Pac-10 Teams Score Competitive Insight with BlueArc Storage Solution

As college football season kicks off, BlueArc Corporation has announced that the Pacific-10 Conference (Pac-10) has expanded the use of its BlueArc Titan storage solution housed at the University of California, Los Angeles (UCLA) to bring even more teams fast access to dozens of terabytes of game footage. In the 2008-2009 season, all of the Pac-10 football, women’s volleyball and men’s and women’s basketball teams will take advantage of Titan’s world-record-holding storage performance and capacity to access opponents’ video for competitive analysis.

“Each Pac-10 school saves thousands of dollars per sport per year and gets game footage in minutes, instead of waiting hours—or longer—for tapes to arrive,” says Ken Norris, video operations director for UCLA Athletics. “Despite the best efforts of UCLA campus IT, our storage infrastructure technology didn’t deliver vendor-promised throughput. Fortunately, our project lead encouraged us to take advantage of the university’s investment in Titan to deliver games to the conference’s football teams.”

Pac-10 teams are required to deliver all of the seasons’ past game footage to opponents each weekend to analyze and update game strategy, placing extreme demands on storage capacity and throughput. Titan delivers sustained throughput at 10 gigabits per second and up to 100,000 input/output operations per second (IOPS), providing the speed and accuracy required for reliable, scheduled file transfer on a massive scale. For example, the Pac-10’s Titan storage infrastructure can transfer a video file for an entire football game—typically 20 gigabytes of data—in just minutes. Fast access to massive files replaces costly, time-intensive courier delivery of video footage.

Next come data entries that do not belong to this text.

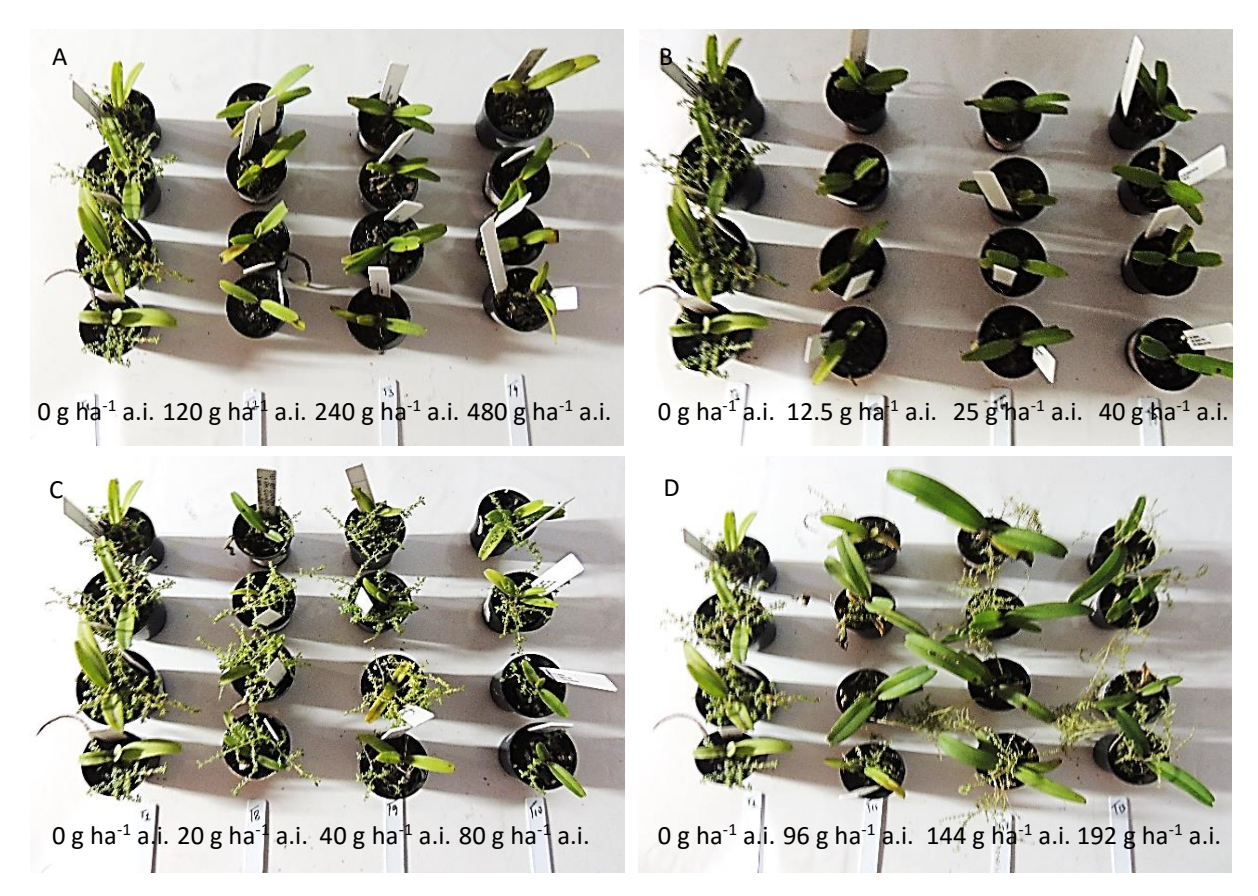
Figure 1. Aspects of seedlings of Rhynchostylis ([ Rhynchostylis gigantea Alba x Rhynchostylis gigantea ] X Rhynchostylis gigantea Semi-Alba) and control of P. microphylla at 49 days after application of herbicides (A) oxyfluorfen, (B) flumioxazin, (C) nicosulfuron, and (D) mesotrione.

and 1B respectively), while the other molecules have not provided this effect. Both herbicides (oxyfluorfen and flumioxazin) molecules are absorbed by leaves and the roots, and have great persistence in soil, increasing and prolonging its effect (Jursík et al., 2011; Jung, 2011), justifying the results observed in this test.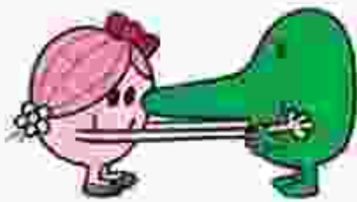
The Cuddly Embrace.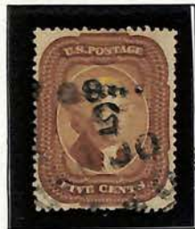
THOMAS JEFFERSON 2012 cat 325.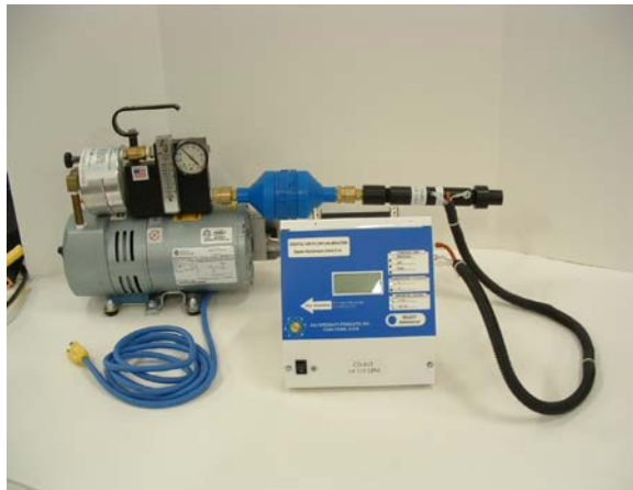
Calibration Setup for Portable Low Volume Air Sampler with Small Diameter Filter Holder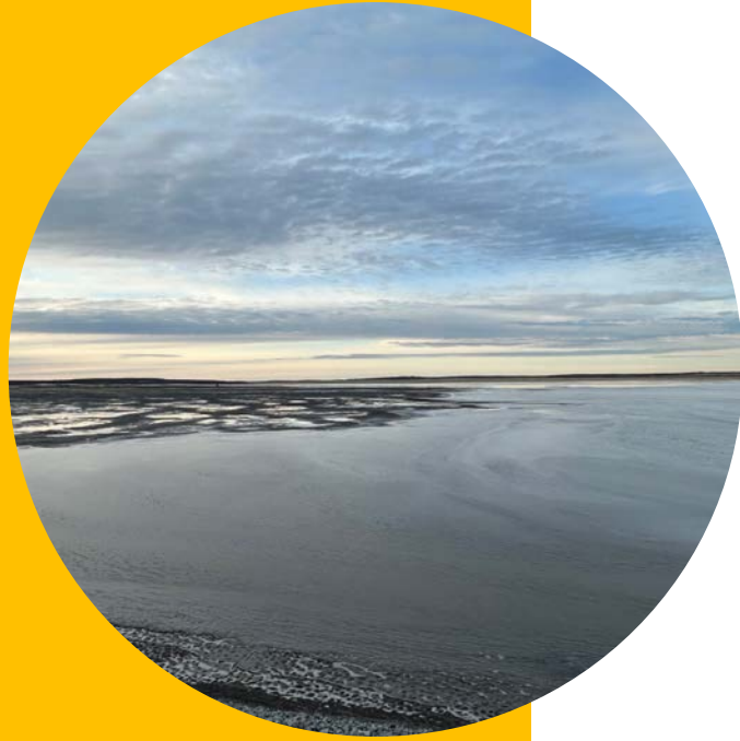
Long Lake Containment Facility

Titan storage has been used by the Pac-10 for football game video transfer since 2007. In 2008, women’s volleyball, women’s basketball and men’s basketball teams also will use the Titan-based system to access game footage. Getting the Titan-based system ready for the increased load simply required the addition of 18 terabytes of Fibre Channel disk space to store more content.

In addition to more Pac-10 sports’ adoption of the Titan-based infrastructure, the system has earned broader recognition among academic IT professionals. The Pac-10 system earned a 2008 Innovations in Networking Award from the Corporation for Education Network Initiatives in California (CENIC), which owns and manages the high-performance optical fiber network connecting schools, universities and research institutions in all of California’s 58 counties.